[squeak-dev] Smalltalk development tools in Scratch

tim Rowledge tim at rowledge.org
Fri Jun 21 17:37:57 UTC 2013


There seems to be some confusion here. I'll start from some basic points just to (try to) be clear. Chris Cunnington's advice is a good place to start btw.

Scratch is written in Squeak Smalltalk, starting from a 2.8 image and removing quite a lot of code to reduce the image size. The Scratch system is implemented via a sort-of simulation of a computing engine, almost like a vm within the Squeak system.

Quite a lot of that code is a bit… untidy. I'm currently working to improve that for the Raspberry Pi Foundation and the latest release for the Pi (the image will run perfectly well on any other platform so far as I can tell) is around twice as fast for some important large Scratch projects. We also have a faster bitblt in testing right now, with a lot of ARM support but a fair bit that is generic and might benefit other cpu powered machines.

The delivered Scratch image is moderately locked down. As mentioned by Hannes, you can get to the Squeak side of the world with a simple shift-click but since there is no conncetion to the sources or changes files you won't have a terribly pleasnat time trying to make sense of the world. To see actual sources - with some comments even! - I suggest downloading the GPL release of the entire system that includes an image with the sources and changes still active, plus a load of media files to play with etc. 

(Except that I can't find the download place anymore, since they seem to have replaced the entire website to support this newfangled Scratch 2.0 written in Flash (Flash! Of all things…). Does anyone knw where the GPL release has gone to? I see the http://scratch.mit.edu/scratch_1.4/ page but that only appears to have 'end user' packages.)

Anyway, Azka, you will need to become conversant with all the normal coding tools in Squeak in order to make sense of any of it.
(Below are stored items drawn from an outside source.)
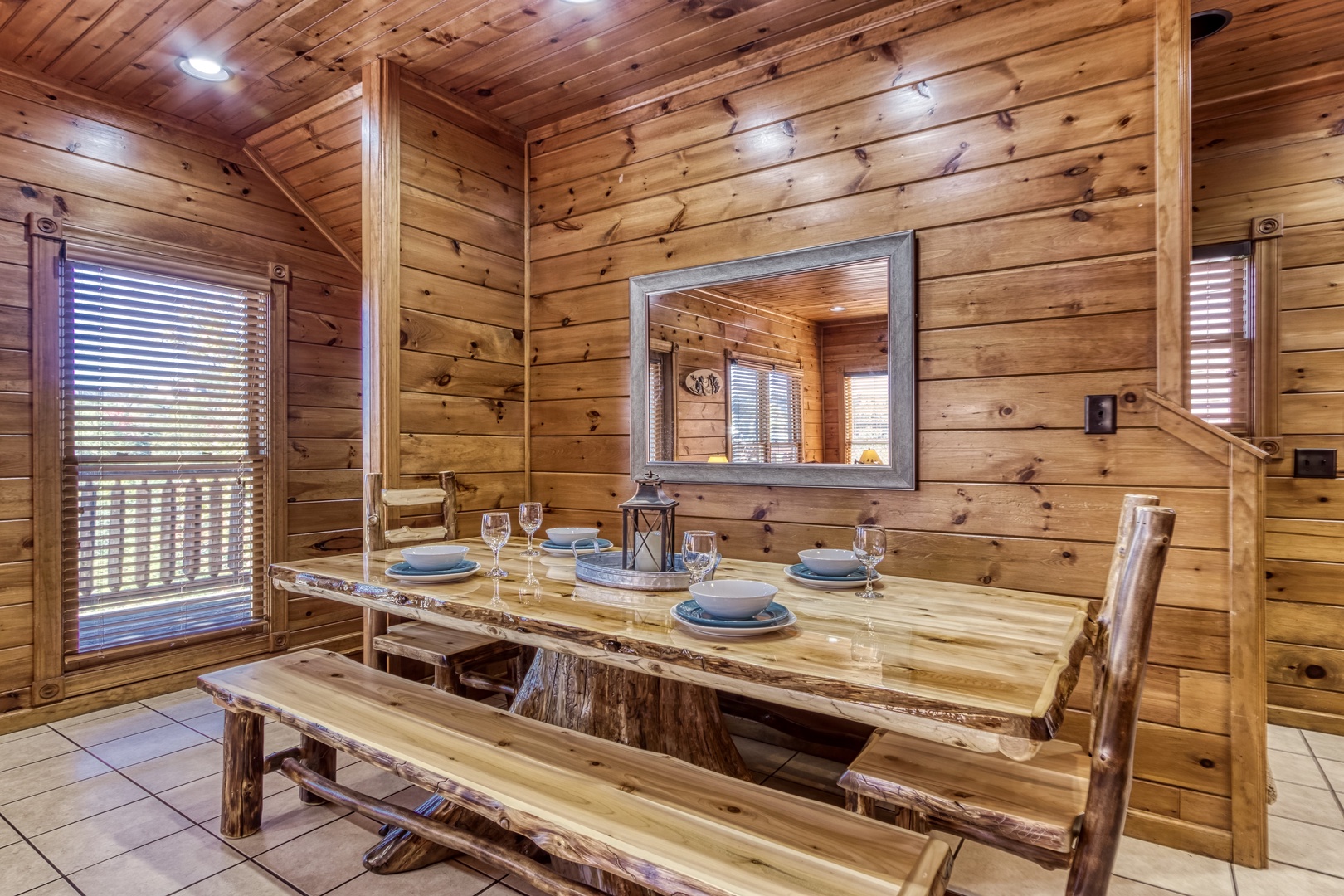 We recently had the pleasure of vacationing at this enchanting smoky mountain cabin. The view off of each level of this 3 floored cabin were absolutely spectacular! We loved the built in entertainment with the outdoor jacuzzi and the upstairs game room. It was great to be able to cook together and eat at the spacious beautiful natural wood dining table! It was one of the best trips of our lives and we can t wait to return! So grateful to have found this fabulous cabin!
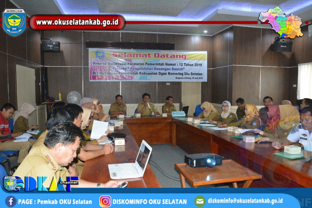 Muaradua (30/07) Badan Perencanaan Pembangunan Daerah Penelitian dan Pengembangan (Bappeda Litbang) menggelar sosialisasi Peraturan Pemerintah (PP) Nomor 12 Tahun 2019 tentang Pengelolaan Keuangan Daerah (PKD), Selasa (30/07).
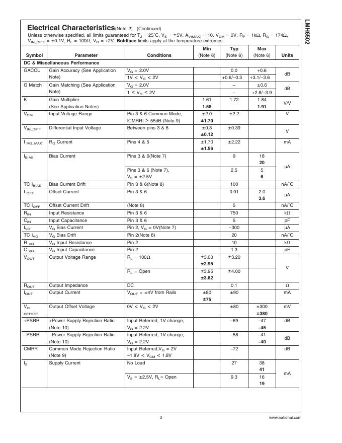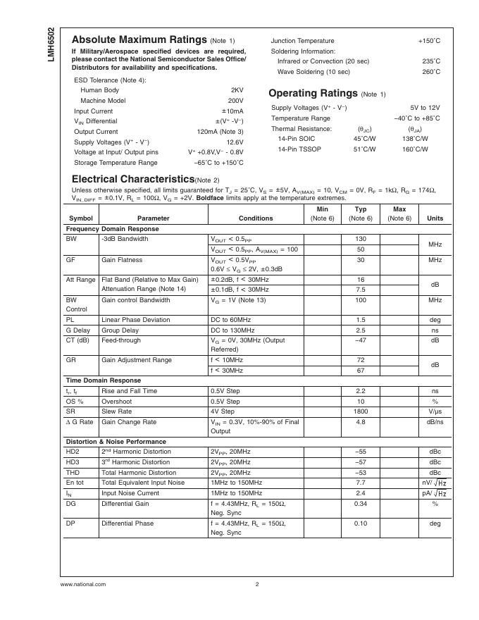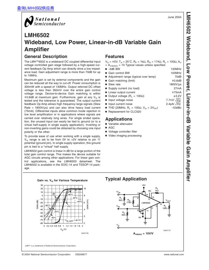 National Semiconductor LMH6502 Wideband, Low Power, Linear-in-dB Variable Gain Amplifier 数据手册.pdf
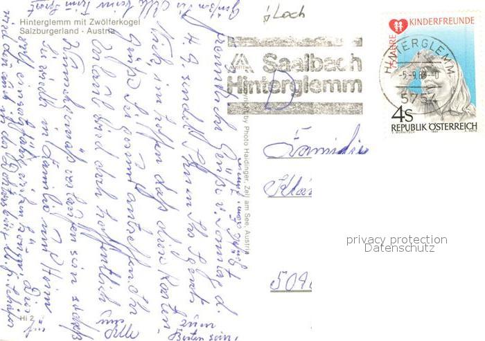 72930642 alte Postkarte Hinterglemm Saalbach Zwoelferkogel postalisch gelaufen Erhaltung siehe scans [NatalD47] KatCode: 11390

The first confusion you seem to have picked up is that editing the sources file is a good idea; it's not. You never, ever, edit that file with any sort of text editor. Smalltalk is not some quaint textfile based compiler system. The only way to change the code is to use the tools in the image; the code browsers etc.



tim
--
tim Rowledge; tim at rowledge.org; http://www.rowledge.org/tim
Change is inevitable....except from vending machines.